Strings in ILE native methods

Many Java™ Native Interface (JNI) functions accept C language-style strings as parameters. For example, the FindClass() JNI function accepts a string parameter that specifies the fully-qualified name of a class file. If the class file is found, it is loaded by FindClass(), and a reference to it is returned to the caller of FindClass().

All JNI functions expect their string parameters to be encoded in UTF-8. For details on UTF-8, you can refer to the JNI Specification, but in most cases it is enough to observe that 7-bit American Standard Code for Information Interchange (ASCII) characters are equivalent to their UTF-8 representation. 7-bit ASCII characters are actually 8-bit characters but their first bit is always 0. So, most ASCII C strings are actually already in UTF-8.

The integrated language environment (ILE) C compiler on the server operates in extended binary-coded decimal interchange code (EBCDIC) by default, so strings passed to JNI functions need to be converted to UTF-8. There are two ways to do this. You can use literal strings, or you can use dynamic strings. Literal strings are strings whose value is known when the source code is compiled. Dynamic strings are strings whose value is not known at compile time, but is actually computed at run time.

Literal strings

If the string can be represented in ASCII, as most are, then the string can be bracketed by pragma statements that change the current codepage of the compiler. Then, the compiler stores the string internally in the UTF-8 form that is required by the JNI. If the string cannot be represented in ASCII, it is easier to treat the original extended binary-coded decimal interchange code (EBCDIC) string as a dynamic string, and process it using iconv() before passing it to the JNI.

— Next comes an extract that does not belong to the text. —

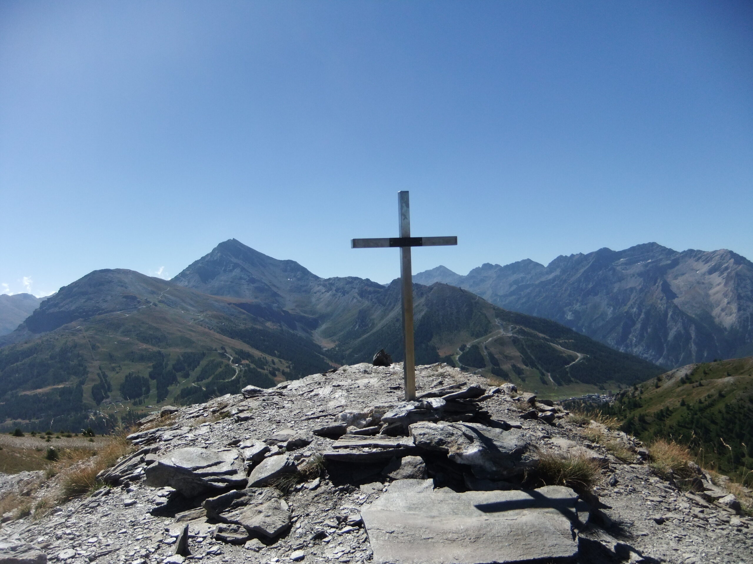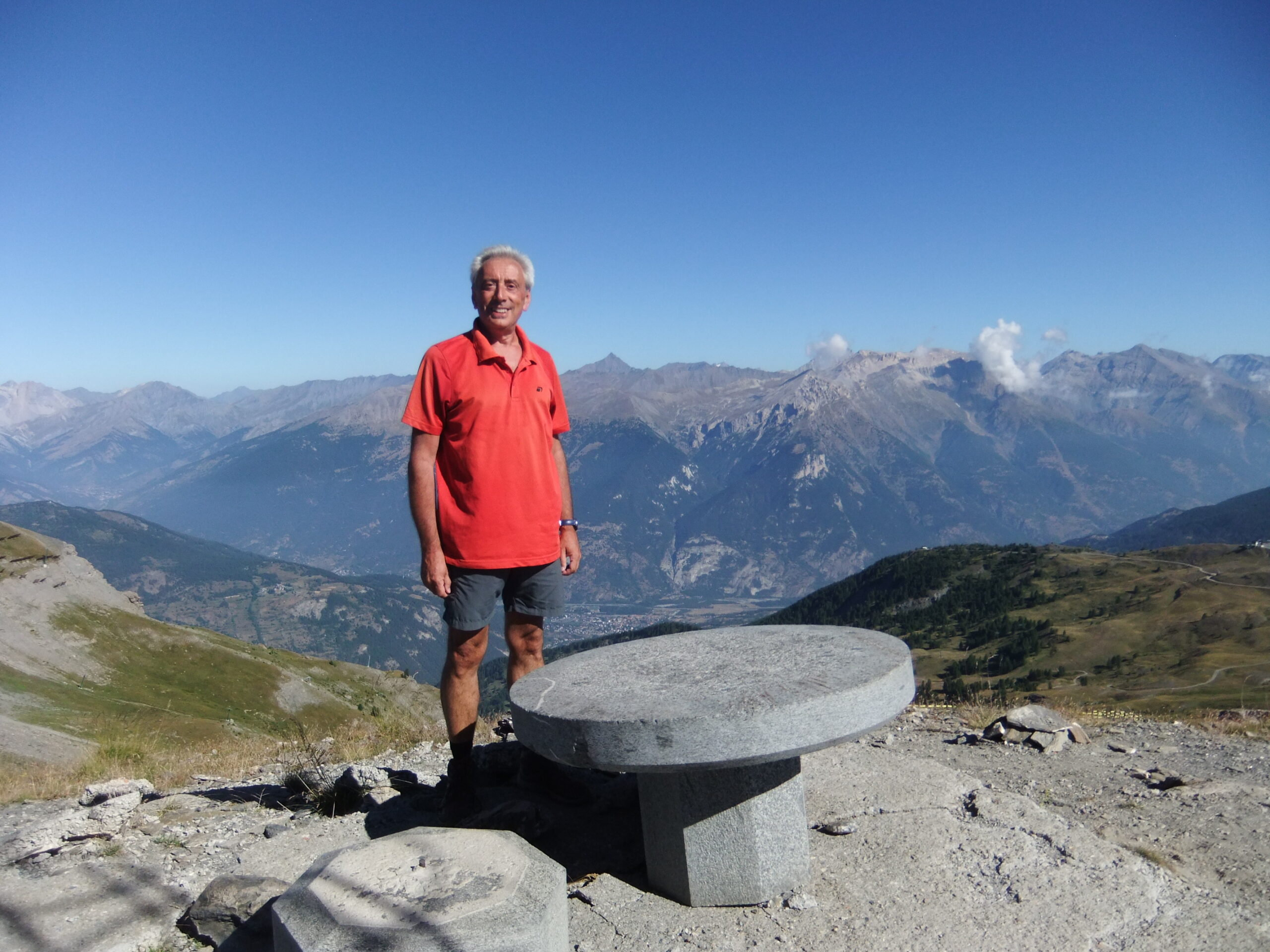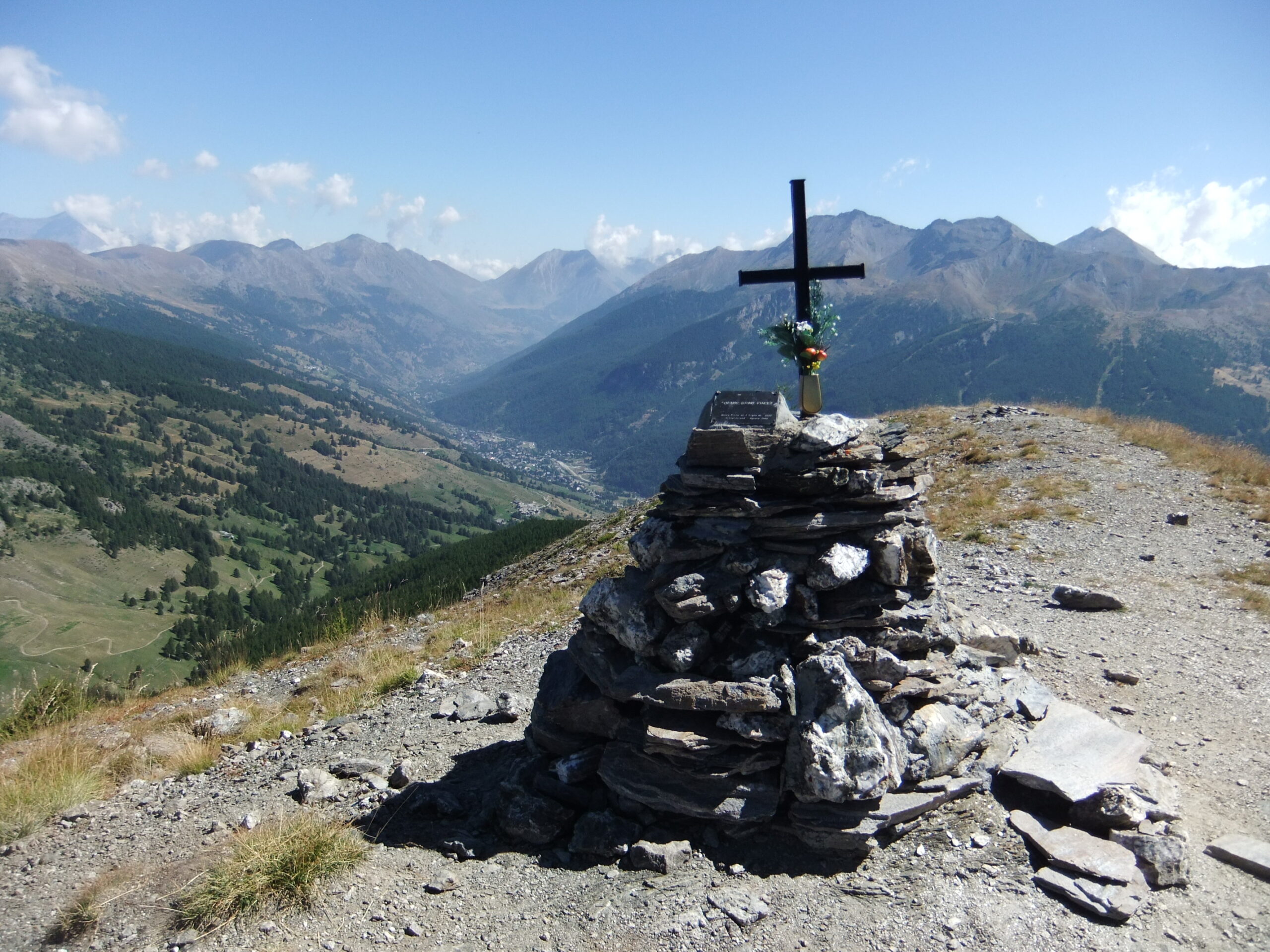Dopo la sfacchinata di ieri alla Rognosa , oggi gita breve e semplice . Dallo stadio di atletica di Sestriere sono salito lungo la sterrata , piuttosto ripida , e a metà ho preso la deviazione di destra , con qualche tratto nel bosco . Dalla vetta , molto panoramica anche se piena di antenne e di impianti , sono sceso al Col Basset e ho imboccato l’ evidente traccia che segue la facile dorsale verso il Pitre d’ Aigle . Dopo un veloce pasto sono sceso per prati e boschetti a vista verso la carrareccia dell’ Assietta . Lì vicino ho subito trovato il Sentiero dei Forestali che con bella passeggiata nel bosco mi ha condotto proprio vicino all’ auto . Bellissima giornata anche se piuttosto calda . Poca gente in giro ma in compenso ho visto uno scoiattolo , un leprotto ed un cervo . Un anello di circa 11 km per quasi 800 metri di dislivello totali .

For example, to find the class named java/lang/String, the code looks like this:

    #pragma convert(819)
    myClass = (*env)->FindClass(env,"java/lang/String");
    #pragma convert(0)

The first pragma, with the number 819, informs the compiler to store all subsequent double-quoted strings (literal strings) in ASCII. The second pragma, with the number 0, tells the compiler to revert to the default code page of the compiler for double-quoted strings, which is usually the EBCDIC code page 37. So, by bracketing this call with these pragmas, we satisfy the JNI requirement that string parameters are encoded in UTF-8.

Caution: Be careful with text substitutions. For example, if your code looks like this:

    #pragma convert(819)
    #define MyString "java/lang/String"
    #pragma convert(0)
    myClass = (*env)->FindClass(env,MyString);

Then, the resulting string is EBCDIC, because the value of MyString is substituted into the FindClass() call during compilation. At the time of this substitution, the pragma, number 819, is not in effect. Thus, literal strings are not stored in ASCII.

Converting dynamic strings to and from EBCDIC, Unicode, and UTF-8

To manipulate string variables that are computed at run time, it may be necessary to convert strings to and from EBCDIC, Unicode, and UTF-8. Conversions can be done using the iconv() API. In Example 3 of the using the Java Native Interface for native methods examples, the routine creates, uses, and then destroys the iconv() conversion descriptor. This scheme avoids the problems with multithreaded use of an iconv_t descriptor, but for performance sensitive code it is better to create a conversion descriptor in static storage, and moderate multiple access to it using a mutual exclusion (mutex) or other synchronization facility.